TASK ERROR: KVM virtualisation configured, but not available. Either disable in VM configuration or enable in BIOS.

this looks like a scary error but i just had to bind /dev/kvm and DeviceAllow= it as well. after doing this, kvm on the host broke, cuz it was now owned by GID 104 (input), which was group kvm in the container. this normally wouldn't be a problem, but i had to set PrivateUsers=off to work around other permissions. i fixed it by editing /etc/group and changing some GIDs around in the container.

while doing all this, i was trying to get {net,}working. it was horrible.

some insignificants touch-ups here and there and everything was working. well except for dhcp cuz i didn't set that up.

networking

70% of the time i spent was probably on doing, or trying to do, networking.
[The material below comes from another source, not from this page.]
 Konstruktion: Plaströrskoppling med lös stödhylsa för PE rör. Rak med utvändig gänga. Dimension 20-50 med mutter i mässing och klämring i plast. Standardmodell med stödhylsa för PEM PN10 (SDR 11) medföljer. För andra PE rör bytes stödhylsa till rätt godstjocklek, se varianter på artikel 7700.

thanks to my prior experience with systemd-nspawn, i knew the default networking setup was to just expose all interfaces to the container. i wanted all my (non-proxmox) vms and containers in a LAN so this was not the way to go for me. apparently systemd-nspawn@.service actually uses a virtual ethernet interface and NATs it, which inexplicably did not happen on my machine. i checked the systemd-networkd link definitions of nspawn, and they matched with the ArchWiki ones, yet still did not NAT anything.

i then tried just using libvirt's default virbr0 interface as a bridge. it worked perfectly* first try and resulted in the desired effect. but this depended on libvirtd running and i, at first, couldn't figure out how to get that running consistently.

after a few hours of trying to configure my own bridge interface, i realized that it wasn't going anywhere so i gave up. not before breaking some stuff and needing to fix it, though. instead i configured it to share the net ns as usual.

interface activation failed
kvm: -netdev type=tap,id=net0,ifname=tap100i0,script=/var/lib/qemu-server/pve-bridge,downscript=/var/lib/qemu-server/pve-bridgedown: network script /var/lib/qemu-server/pve-bridge failed with status 7680
TASK ERROR: start failed: QEMU exited with code 1

i gave up rather quickly and went back to using libvirt's virbr0. to fix the * mentioned previously, i added masquerade rules to /etc/network/interfaces:

auto vmbr0
iface vmbr0 inet static
        address 192.168.55.1/24
        gateway 192.168.55.1
        bridge-ports none
        bridge-stp off
        bridge-fd 0
		# epic rules
        post-up   iptables -t nat -A POSTROUTING -s '192.168.55.1/24' -o host0 -j MASQUERADE
        post-down iptables -t nat -D POSTROUTING -s '192.168.55.1/24' -o host0 -j MASQUERADE

this worked well, but did not have a dhcp server and i was too exhausted from networking to set that up.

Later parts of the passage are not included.